:: Required action ::
Your answer should be the exact lines of the records, starting with the one containing "Øverst en raket" and running to the end.

Extracted data entries:
***
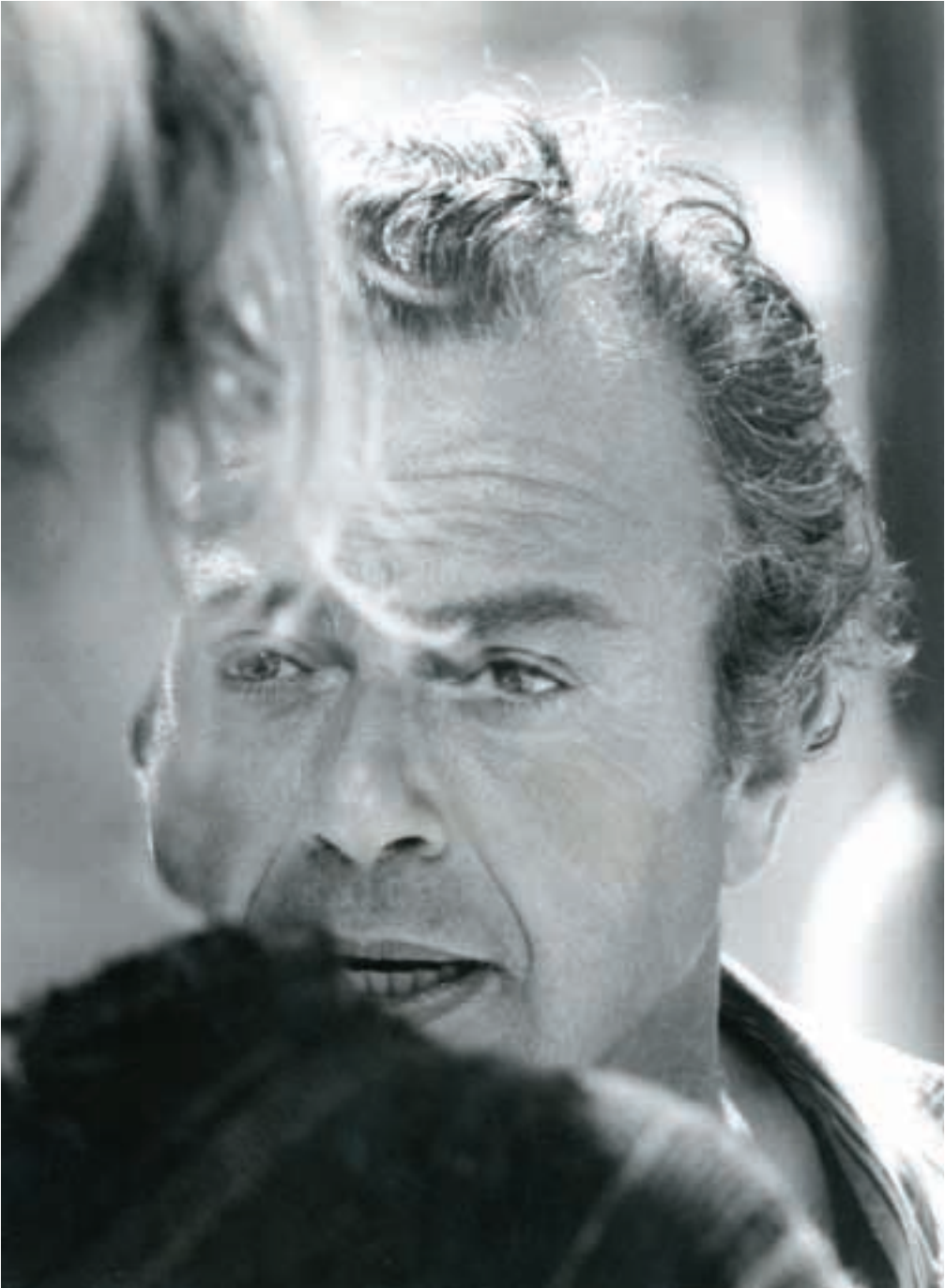
Διδάσκοντας το ρόλο της Ανδρομάχης στη Βανέσα Ρενγκρέιβ στις κινηματογραφικές Τρωάδες.
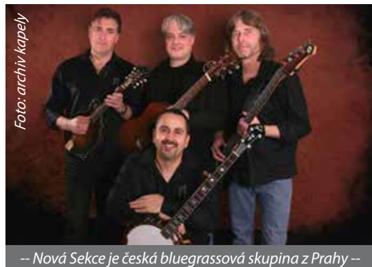
-- Nová Sekce je česká bluegrassová skupina z Prahy --

U zrodu kapely Dolls in the Factory stál v roce 2011 zpěvák Mirai Navrátil. Jde o elektronický pop rockovou kapelu z Frydku-Místku. Za své působení vydala EP Hurricane (2012) a album Statues (2013), ze kterého je i skladba Believe známá díky filmu Křídla Vánoc. Zakládající členové Mirai Navrátil a Šimon
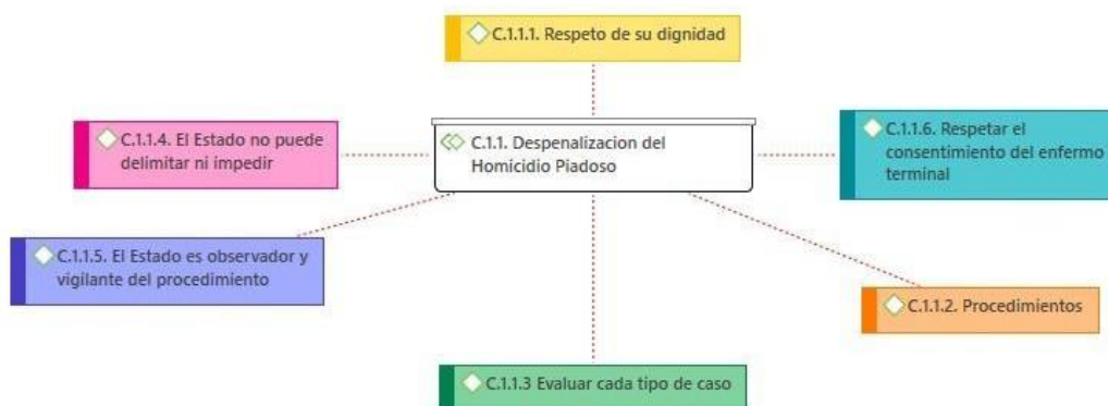
Categoría 1 Despenalización del homicidio piadoso
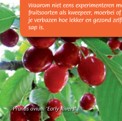
Prunus avium 'Early Rivers'
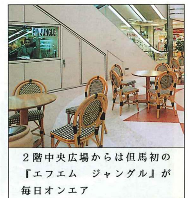
2階中央広場からは但馬初の『エフエム ジャングル』が毎日オンエア
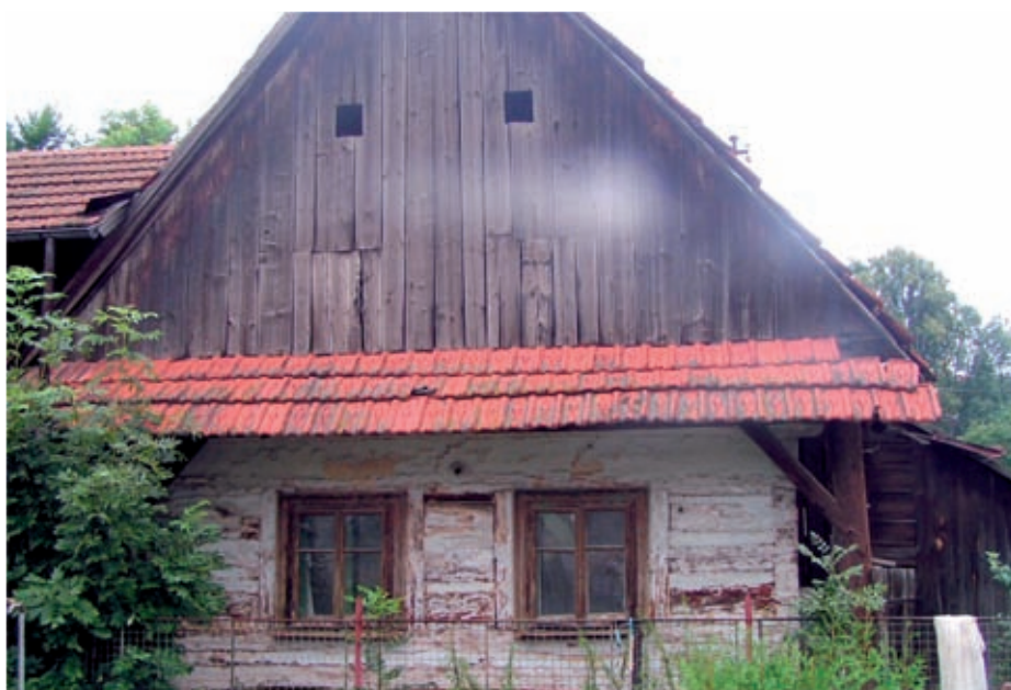
Roubená část chalupy
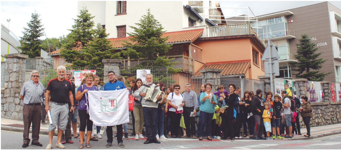
Haur, guraso eta irakasleak bildu ziren astelehenean ikastolako ikasgelen kokaleku ezberdinak bisitatzera.
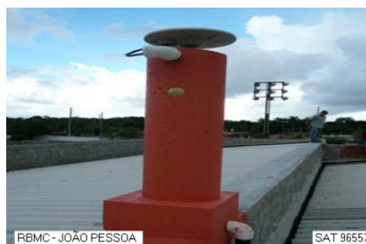
Antena e pilar
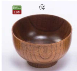
26-256-12 (412338) 都汁椀(目摺) ¥1,450 本体寸法:Φ11.5xH6.8cm 木/漆塗装
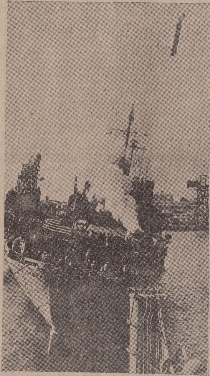
La primera prueba verificada en el Golfo de Méjico. Desde una nave, los científicos ven aparecer el proyectil que luego seguiría camino del supuesto blanco.
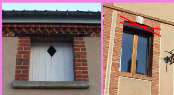
Une petite ouverture, fermée par une corniche ornée de briques, et remplie de lames verticales de bois peintes, percées d'un losange
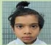
Sohaifa Alam Esma Nursery
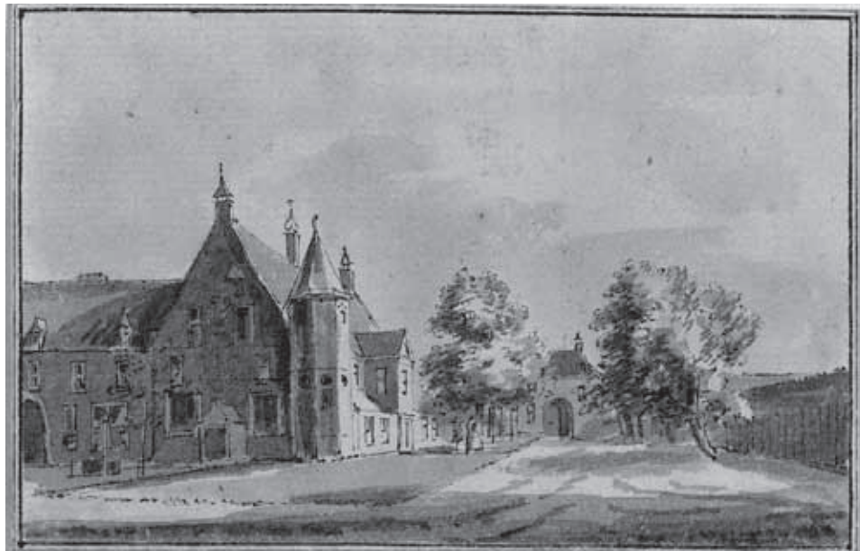
Klooster Binderen 1730, repro van een tekening van Hendrik Spilman naar Abraham de Haan. Op de zijmuur van het gebouw staat het jaartal 1597. Op de achtergrond is het poortgebouw te zien.

In de naburige H. Hartparochie klaagde men toch al over Binderen als 'de panter in de nek van het H. Hart' . Het verwijt dat deze anatomisch gezien nogal ingewikkelde beeldspraak inhield, kon toch niet verhinderen dat er uiteindelijk een kerk aan de Abdijlaan zou verrijzen. Omdat er dus eerst een voorlopige kerk
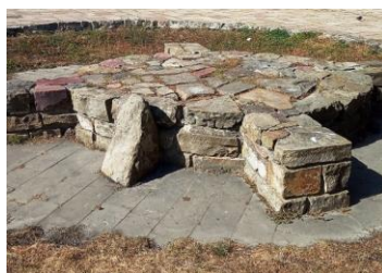
ЯЗЫЧЕСКОЕ КАПИЩЕ. РЕКОНСТРУКЦИЯ. КИЕВ
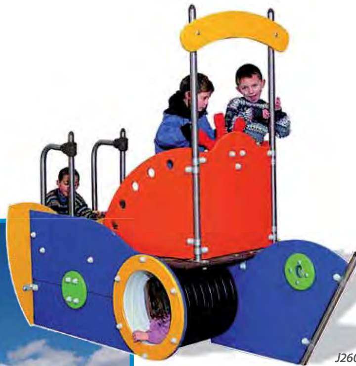
J2604 - Calypso
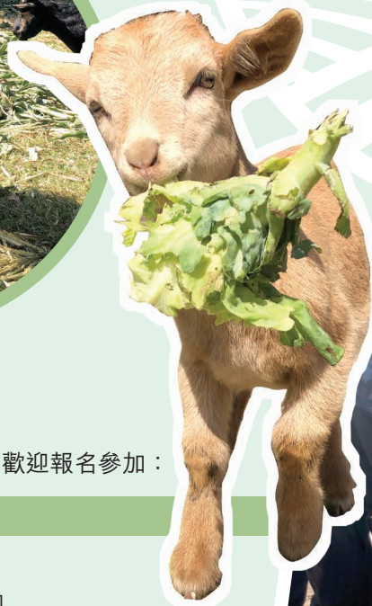
參加者有機會親親場內小動物
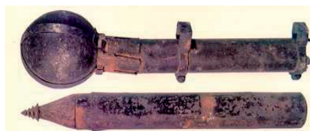
Øverst en raket med en bombe i spidsen. Nederst en af Congreves raketter med modhager i spidsen, så den kunne sætte sig fast, hvor den ramte.

(...) skyndte jeg mig ud Sengen og i Klæderne og at drikke mit Thevand for at gaa
***
:: Reply to the exercise ::
Øverst en raket med en bombe i spidsen. Nederst en af Congreves raketter med modhager i spidsen, så den kunne sætte sig fast, hvor den ramte.

(...) skyndte jeg mig ud Sengen og i Klæderne og at drikke mit Thevand for at gaa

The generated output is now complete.